On January 2015, 'Palestine' acceded to the Rome Statute, which is the foundational document of the ICC. On April 1, 2015, 'Palestine' was officially welcomed as a State Party to the Statute. 'Palestine' informed the Court that it is delegating its jurisdiction to the ICC over crimes committed on its territory or by its nationals since June 13, 2014.

Interestingly, but not coincidentally, June 13, 2014 is the day after the kidnapping and murder of three Israeli teenagers by Hamas operatives in the West Bank, an event that put in motion an escalation that eventually led to the outbreak of the Gaza war in July 2014.

In January 2015, a few days after 'Palestine’s accession to the Statute, Fatou Bensouda, the Prosecutor of the ICC decided to launch a preliminary examination of the 'Situation in Palestine' since June 13, 2014.

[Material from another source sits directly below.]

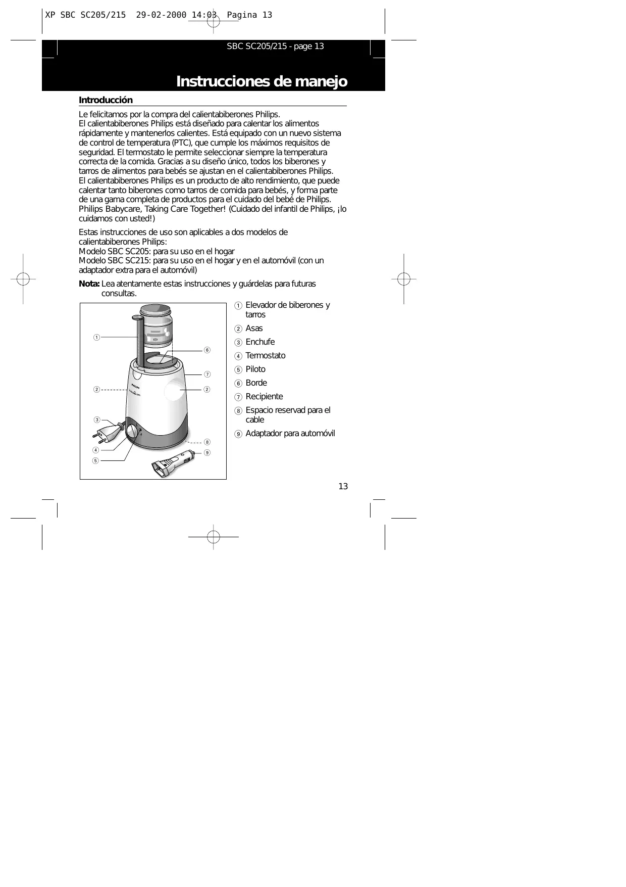 entre +7° C and +37° C Instrucciones de manejo Introducción Le felicitamos por la compra del calientabiberones Philips. El calientabiberones Philips está diseñado para calentar los alimentos rápidamente y mantenerlos calientes. Está equipado con un nuevo sistema de control de temperatura (PTC), que cumple los máximos requisitos de seguridad. El termostato le permite seleccionar siempre la temperatura correcta de la comida. Gracias a su diseño único, todos los biberones y tarros de alimentos para bebés se ajustan en el calientabiberones Philips. El calientabiberones Philips es un producto de alto rendimiento, que puede calentar tanto biberones como tarros de comida para bebés, y forma parte de una gama completa de productos para el cuidado del bebé de Philips. Philips Babycare, Taking Care Together! (Cuidado del infantil de Philips, ¡lo cuidamos con usted!) Estas instrucciones de uso son aplicables a dos modelos de calientabiberones Philips: Modelo SBC SC205: para su uso en el hogar Modelo SBC SC215: para su uso en el hogar y en el automóvil (con un adaptador extra para el automóvil) Nota: Lea atentamente estas instrucciones y guárdelas para futuras consultas. 1 Elevador de biberones y tarros 2 Asas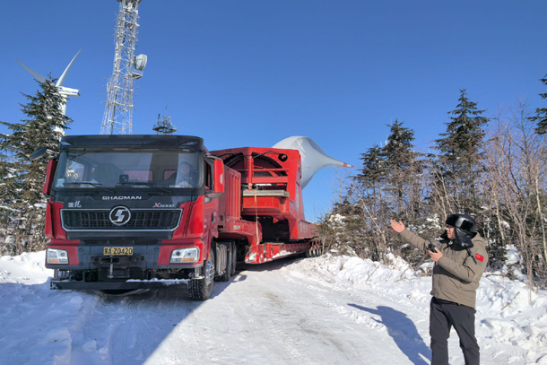 经过近二十次的模拟演练,运输方案终于尘埃落定。“路不够宽我们就修路,路滑我们就用铲车牵引开道,不能伤害树木我们就把叶片举高!”项目组成员尹立军说。在与厂家运输团队进行了充分的准备和精心部署后,1月13日清晨,装载叶片的运输队伍毅然踏上征程,开足马力向大箐山挺进。

Almost five years later, on December 2019, the Prosecutor concluded the examination and found what she claimed was reasonable basis to proceed with an investigation into the 'Situation in Palestine', based on the belief that both Israeli forces and Hamas members committed war crimes during the 2014 Gaza hostilities. In addition, she raised suspicions that Israeli officials committed war crimes of transferring Israeli civilians into the West Bank (i.e., the Israeli settlements); and lastly, that Israeli soldiers committed crimes using lethal and non-lethal means during the disturbances near the Gaza border with Israel that began in March 2018.

The Prosecutor then asked the Chamber to make a ruling over the scope of the territorial jurisdiction of the ICC in 'Palestine', and to acknowledge its jurisdiction over the entire territory of the West Bank, including East Jerusalem, and Gaza.

While Israel, which is not a member in the ICC, decided not to take part in the proceedings in the Chamber, Israel's Attorney General Avichai Mandelblit published a highly detailed memorandum regarding the Prosecutor's reference to Chamber. The Attorney General argued that the ICC does not have the jurisdiction to hold any proceedings that emanate from 'Palestine'’s referral of jurisdiction to the Court, since 'Palestine' is not and never was a State according to the binding criteria in international law.

Resolution 67/19 of the UN General Assembly, which served as the foundation for the Palestinian accession to the Rome Statute, was only meant to administer 'Palestine'’s representation within the UN. It is a declaratory document that represents a political aspiration for a future Palestinian State, and like all UN General Assembly resolutions, it is not legally binding. The UN Secretary General at the time made clear that his act of circulating the Palestinian accession document to the Statute does not have any ramifications regarding the question of Palestinian statehood.

Mandelblit further asserted that 'Palestine' does not have effective control over the West Bank and Gaza, a crucial precondition for becoming a State. The Palestinian claim that Israel is occupying these areas only acknowledges the Palestinian lack of sovereignty. The right of Palestinians to self-determination should not be conflated with any claim to statehood, the Attorney General stressed.

If the Palestinians don't have the State sovereignty, the Attorney General contended, they can also not delegate to the ICC any jurisdiction to prosecute. There's also no 'territory of' a State (a term used in the Statute) over which the Court can exercise such a jurisdiction. The term which is frequently used in international discourse, “the occupied Palestinian territory,” is strictly political and has no legal ramifications on the question of sovereign title.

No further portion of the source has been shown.